MRI argues the law has no retroactive language and that “the law in effect at the time of the public hearing was the operative law that should have been applied to RIDEM’s review of the final application.”

Based on that argument Michael Kelly, attorney for MRI requests that the administrative adjudication division asks for further review and an “express order that the legislation is not to be considered and that the final application must be reviewed under the law in effect at the time that the final application was filed.”

Lopez reasons the MedRecyler application was lacking, even though Kelly says the company meet DEM requests, because they did not provide testing protocols for their operation.

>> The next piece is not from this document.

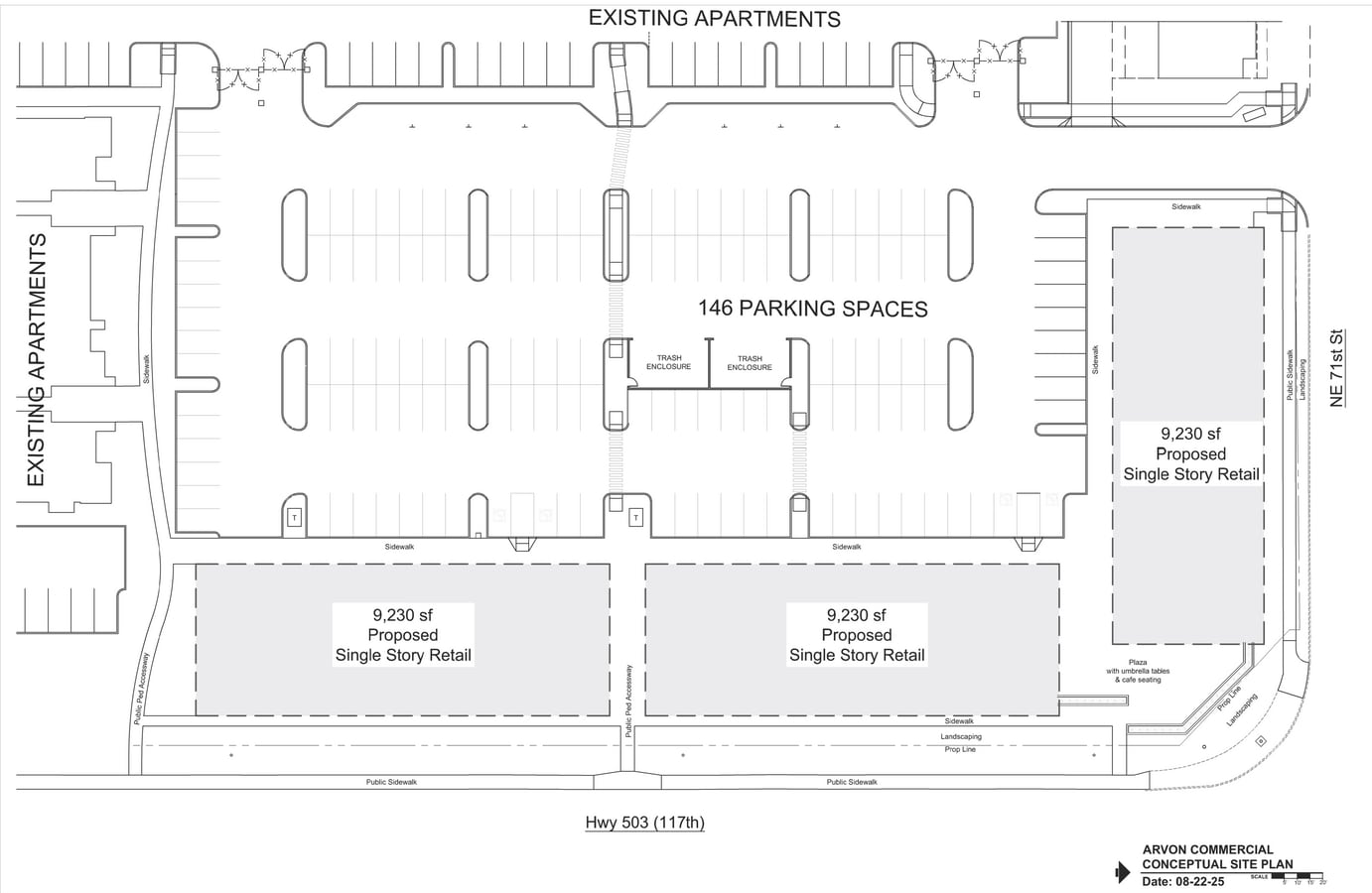 The Arvon Commercial is a planned retail hub located at 7000 NE 117th Avenue in Vancouver, Washington. This 2.59-acre site sits at a signalized intersection in a vibrant trade area, offering exceptional visibility and access from major thoroughfares including Padden Parkway and Highway 503. The property is designed for three new construction retail buildings, each approximately 9,230 square feet, complemented by generous parking and pedestrian-friendly infrastructure. Surrounded by residential density—including 274 apartments and nearby townhomes—the site is positioned to capture both local and commuter traffic. Nearby anchors such as Fred Meyer, Lowe’s, and CarMax reinforce the area’s retail strength, while the surrounding neighborhoods provide a steady consumer base. The conceptual plan includes sidewalks, landscaped public spaces, and café seating areas, creating an inviting environment for shoppers and diners. With strong demographics, high traffic counts, and flexible design options, The Arvon Commercial is ideal for retailers, restaurants, and service providers seeking a premier location in Vancouver’s growth corridor.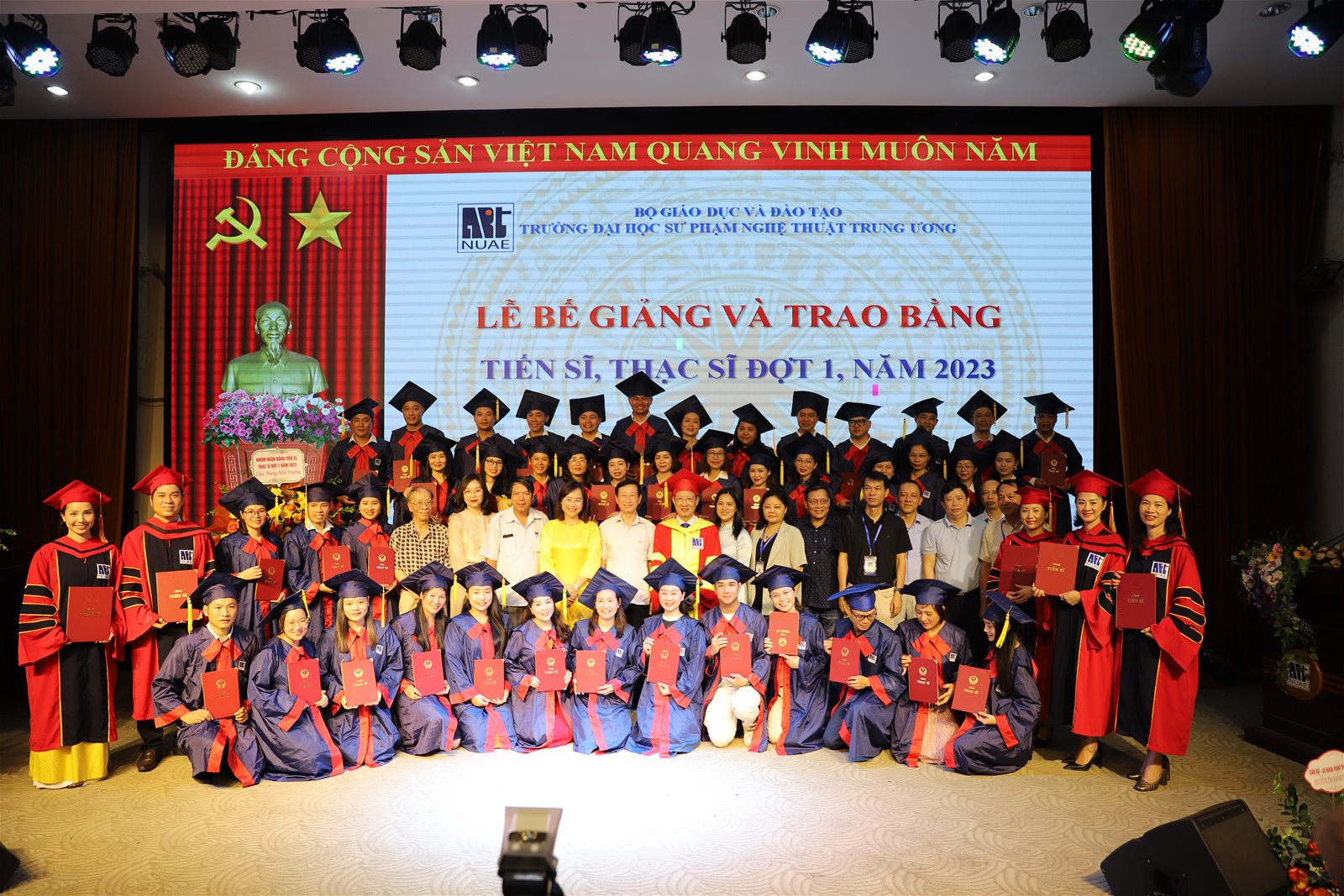 Lễ bế giảng và trao bằng tốt nghiệp năm 2023 của Trường ĐHSP Nghệ thuật TW đã diễn ra tốt đẹp. Đây là một sự kiện có ý nghĩa vô cùng quan trọng đối với mỗi học viên đánh dấu một bước ngoặt trên chặng đường học tập, nghiên cứu. Tin tưởng rằng, trong mỗi tân Tiến sĩ, tân Thạc sĩ của hôm nay dù đi đến đâu, ở môi trường công tác nào cũng sẽ luôn giữ niềm tự hào về mái trường ĐHSP Nghệ thuật TW – nơi đã chắp cánh cho những ước mơ nghệ thuật của họ được bay cao, bay xa.

“How can you say a process is safe if you don’t know how it will be tested,” she asks.  Michael Healey, DEM chief public affairs officer, said in an email that the ADD has scheduled a “status conference” for Sept. 8.

Asked what could be the outcome of the conference, Healey replied, “the AAD only has jurisdiction to consider the technical aspects of DEM’s denial. AAD does not have jurisdiction over the constitutionality or applicability of the statute prohibiting new high-heat medical waste processing facilities from being sited in Rhode Island; Superior Court does. A party facing an adverse ruling by the AAD would likely appeal it to Superior Court.”